Building a production-grade parser is an exercise in discipline. You need to translate thousands of grammar rules exactly. You need to catch subtle bugs that only surface on edge cases you’ve never seen. You need to verify every decision against a reference implementation. There are no shortcuts.
I know this because I’ve done it before. I led the effort to build the MySQL parser for Vitess. That took over a year with help from talented contributors. So when we needed a Postgres parser for Multigres, I expected a similar timeline.
It took eight weeks. 287,786 lines of code. 304 files. 130 commits. 71.2% test coverage. 2.5x faster than the cgo (Go’s C interop) alternative.
The difference wasn’t AI writing code for me. It was three things: a system for coordinating work across sessions, the expertise to recognize when the output was wrong, and the discipline to verify everything. Claude amplified what I brought to the table, but without all three, it wouldn’t have worked.

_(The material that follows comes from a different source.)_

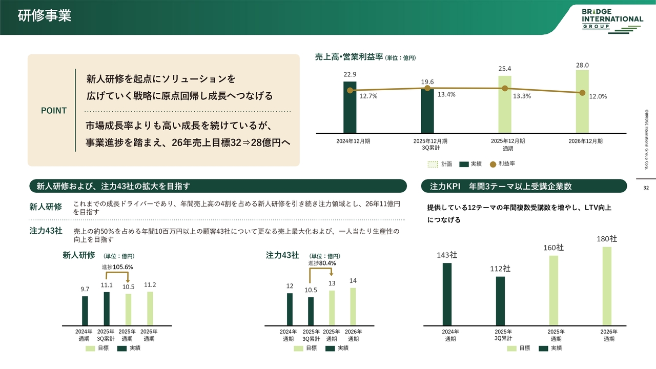研修事業では、新入社員研修に依存しすぎない体制を目指し、アップセルを積極的に推進しています。そのため、年間3テーマ以上の研修を実施する企業を増やすことを課題とし、180社を目標に掲げています。

Claude typed. I engineered.
AI multiplies your expertise, but only if you already know what right looks like.
Here’s what I learned.
Why build a parser at all?
Multigres is Vitess for Postgres, a horizontally scalable layer that sits in front of your database. It distributes data across multiple database servers called shards. Each shard holds a subset of your data. When a query comes in, Multigres figures out which shard (or shards) should handle it and routes accordingly.
To route queries intelligently, we need to understand them. To understand them, we need a parser.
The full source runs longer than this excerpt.